There is a law to protect biological diversity in India – the Biological Diversity (BD) Act, 2002. The law prescribes that before taking any decision to commercially use, research upon or seek proprietary rights either on biological material or related people’s knowledge, there is a procedure to be followed that involves people.

This procedure, amongst other things requires a process, however feeble, of consultation with local biodiversity management committees (BMCs), which are to be set up across India under the very same law. Even without the full implementation of this legal requirement the possibility of public participation might be at risk of fading away.

With the enactment of the legislation, there were regulatory procedures put in place for both Indian and foreign entities using any Indian biological material for commercial application and even R&D. Pharmaceutical industries using animal extracts, international research centers accessing seed germplasm for experimentation, biofuel manufacturers wanting ethanol producing plants, all need either permissions from the Centre or intimate the State(s).

For foreign entities, this law requires seeking permission from the Chennai based National Biodiversity Authority (NBA) and for any Indian it means intimating the respective State Biodiversity Boards (SBBs), unless it is a question of intellectual property rights (IPRs) in which situation too Indian persons need NBA approval.

Researchers, government institutions or private entities seeking patents, geographical indications, etc. over an invention based on research and information on any Indian biological resource, need to go through a process which requires a mandatory consultation with the BMC. This is irrespective of whether they are Indian or foreign. Such is the requirement of Section 6(1) of the BD Act.

Why approvals are required

Each time an approval is considered, it cannot be decided upon without mandatory consultations with the relevant BMC to be set up at the level of every village panchayat or urban municipality. This is for three purposes at least. First, the use of the bioresource or related knowledge around it should not be so extracted, that it negatively impacts the very existence of it. If an extract of a medicinal plant is found to be important for creating new cures, it should not be so over-extracted that it disappears from the every habitat it was originally found in.

Second, no one should be able claim a local practice around the existing use of that material as his/her/their invention if it is not so. This cannot be confirmed sitting only in government offices and moving files between the Centre and the state. Something as dynamic as biodiversity and living knowledge needs wider input, the very least of from the areas under the local-level BMC from where there the genetic resource or people’s know-how is taken from.

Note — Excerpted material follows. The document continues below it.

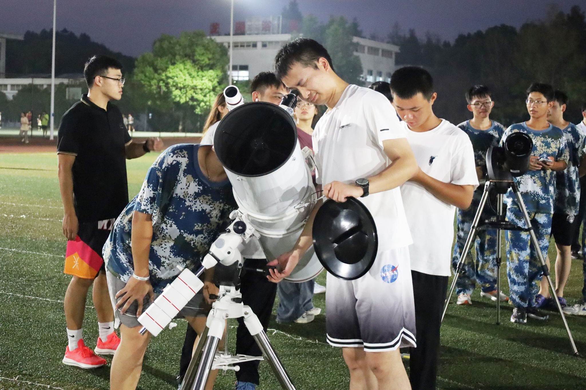 “月球表面凹凸不平,上面竟然什么也没有。”数学类2024(4)班的彭欣在协会指导教师徐骏的指导下成功观月后感叹,她身着军训服,在一次观测后依旧跃跃欲试,对天文感兴趣的她认识书中的众多星座但鲜少尝试。同时,她在模型展览处积极与协会成员交流,“赤道仪反射望远镜,磁悬浮地球仪,辉光球,老师和学长们给我科普了许多天文和物理知识,这是一个特别的中秋活动!”
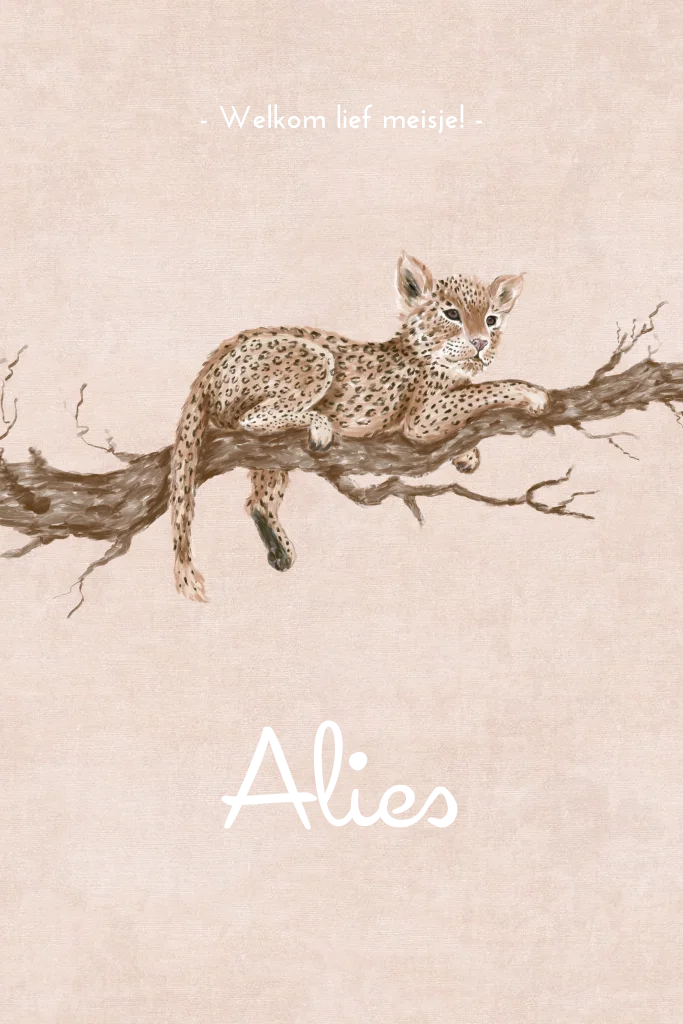 Dit is een stoer geboortekaartje voor een meisje. Een kleine getekende panter ligt op een tak. Het kaartje heeft een roze velvet-look achtergrond en roségoudfolie typografie. Pas het kaartje naar wens aan in de online editor.

The third reason for these consultations is to ensure that fair and equitable benefit sharing ensues post approval of access. Once the use of biological material and germplasm is approved, it needs to be ensured that the benefits arising out that use either through commercial application or claiming intellectual property are shared. This might be with one BMC or many depending upon the geographical spread of the use of that material or knowledge.

The changes proposed

The above requirements might be up for change. The NBA in its 37th meeting in March 2016 had an agenda item to that effect. To state it verbatim, the agenda item listed seeks: to consider dispensing with the consultation with the BMC by the NBA/SBB for Form II and III application in respect of biological resources already accessed for undertaking research.

Form II are the category of access applications that come before the NBA to  transfer research results to another non-Indian entity like a research centre, seed corporation or any person outside of the country. Form III relates to IPR applications.

NBA is contemplating over dispensing with BMC consultation, in instances like transfer of research results or approval of IPRs, when access has already been sought for research through existing (access) procedure. Local people will thus not be consulted again if a research leads onward to either transfer of the research material to non-India entities or if the research leads to a possible IPR.

It is not clear so far what the logic behind this proposal is. This is significant because IPR applications comprise the bulk of the access applications before the NBA. Out of the 277 approvals granted by the NBA as of date, 153 are those related to IPRs and 13 are for transfer of research results (see here), making them the more than half of all the permissions granted for access.

The implications

The question is why would the Environment Ministry, through its NBA not want to consult and keep the knowledge holders and local biodiversity managers on the ground informed? Particularly, when the BD Act was rationalised as a law needed to check ‘bio piracy’. For instance, would it not be ethically right and legally required to inform the farmer (who conserved native brinjal seed and agreed for it be shared for research), when a set of scientists or private company further passes it on or seeks IPR on it?

The details of the NBA meeting discussions on the matter are not available in the public domain as yet. If the NBA were to do away with BMC consultation, it would go against the international law – the Nagoya Protocol of the Convention on Biological Diversity (CBD), which mandates prior informed consent of local communities. Moreover, it would also reduce the already limited little space for people’s participation in the decision-making process that determines access to India’s bioresources and related knowledge.